# How do I Hunt Richmond Hill WMA?



## Phatfred (Apr 7, 2015)

I am fairly new to hunting, in it just a few years and this is my first year hunting turkey.  I would like to take a look around the Richmond Hill WMA.  Some gun areas but I think I have my eye on that large archery area.  Ether way does anyone know how to properly check into the WMA?  Is there a post I stop by or something?   I have been asking around and the consensus is that you will be stopped by a warden and everything WILL be checked so I just want to do my homework and make sure I doing everything I am supposed to do before getting out there.  

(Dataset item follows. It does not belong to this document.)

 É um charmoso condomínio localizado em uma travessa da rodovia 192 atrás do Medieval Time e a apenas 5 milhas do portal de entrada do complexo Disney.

Also any reports on the area would be appreciated.


----------



## fishtail (Apr 8, 2015)

Go to the WMA maps site and review that WMA. You will see the kiosk locations for sign in and information.
http://georgiawildlife.com/sites/de...ichmond_Hill_WMA_Bryan_County_Tracts_Line.pdf
You may also sign in on-line.
http://www1.gadnr.org/dnr/hunt/public


----------



## Phatfred (Apr 8, 2015)

Ok thanks I have read through just about everything I can find online and reviewed the maps and all.  But it never clearly states for basic land access do this...   So thank you for clarifying, sounds like you are telling me for access to the land at all you must sign in at one of the Kiosk.    My next step was to stop by the ranger station and ask but I'm not sure how inviting they are about that sort of thing.

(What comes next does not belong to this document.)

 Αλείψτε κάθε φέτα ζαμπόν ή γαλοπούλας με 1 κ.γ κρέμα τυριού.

Is the turkey hunting any good out there?


----------



## fishtail (Apr 8, 2015)

I'll put it this way, I've never seriously considered hunting turkeys at that WMA.

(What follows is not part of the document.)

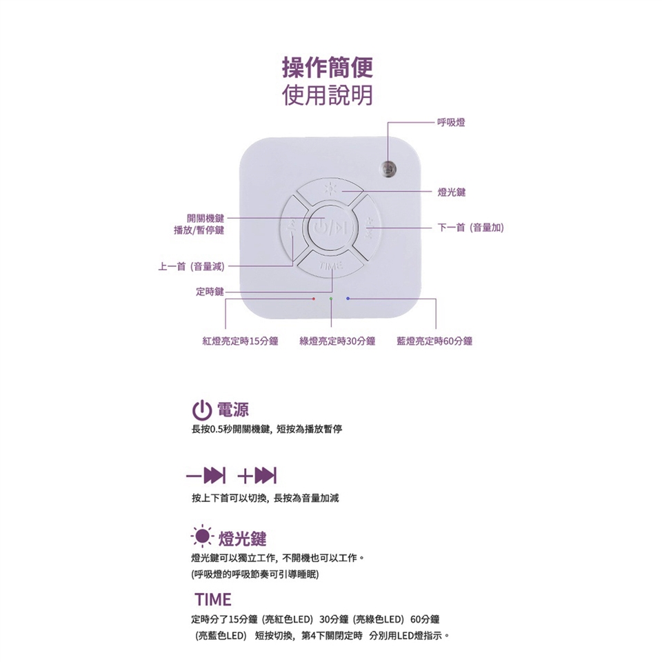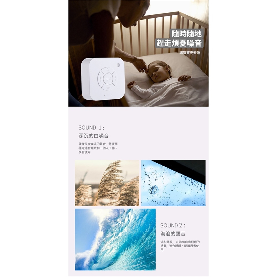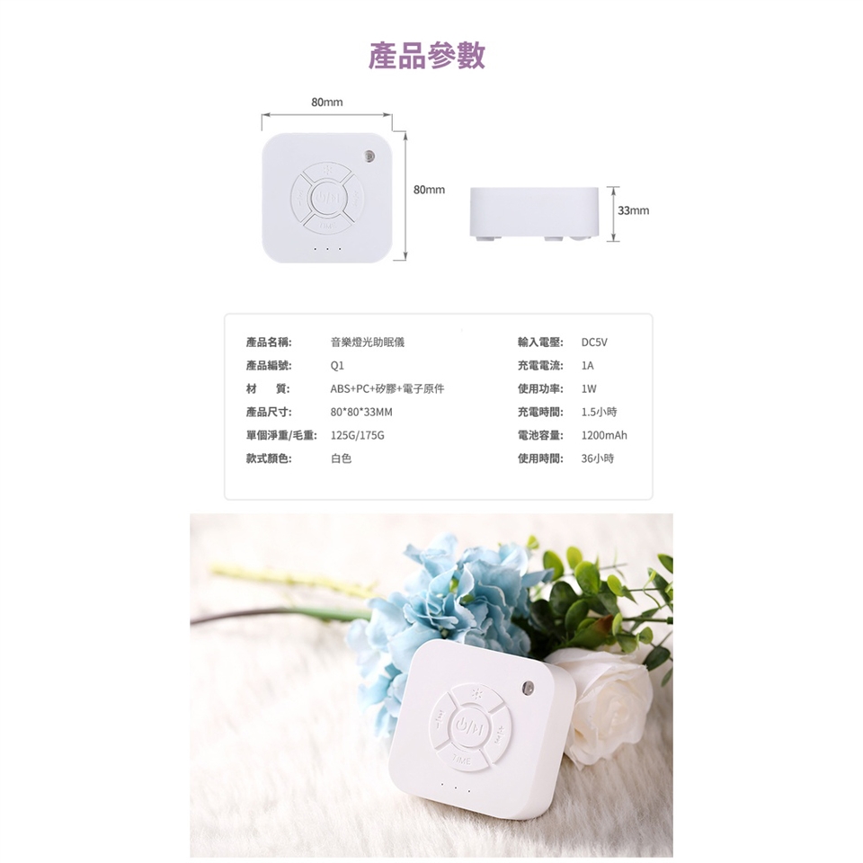 9種經典音樂隨意挑選,3種智能定時設計,貼心呼吸助眠燈,有節奏感的引導睡眠,遮蓋外部環境噪音干擾,集中注意力,工作更有效率,USB快速充電,體積輕巧,配掛繩洞,吊掛起來超省空間,攜帶方便

Here is some stuff from the Q&A section of WMA's.
http://www.eregulations.com/georgia/hunting/wma-qa/
"SIGN-IN is required prior to hunting during any managed firearms deer, bear, turkey or hog hunt on a WMA"

Also make sure you have a GORP Pass or WMA Stamp.


----------



## Phatfred (Apr 8, 2015)

Cool thanks,  I might give it a shot but its looking like I might have to start looking in to Stewart.  I use to fish it alot, but for hunting the size of that place is intimidating.    I' m also keeping an eye out for a club within 45 mins or so from I95 and 204.


----------



## GobbleAndGrunt78 (May 19, 2015)

Very few turkeys on RH WMA, and I've only seen them on one tract while squirrel hunting. A majority of the WMA has been an excessively overgrown wasteland for years, but they have finally started doing some thinning in recent years. Ft Stewart is good, but can be tough with pressure and all the rules/regulations make it REAL easy to mess up if you don't stay read up on them.


----------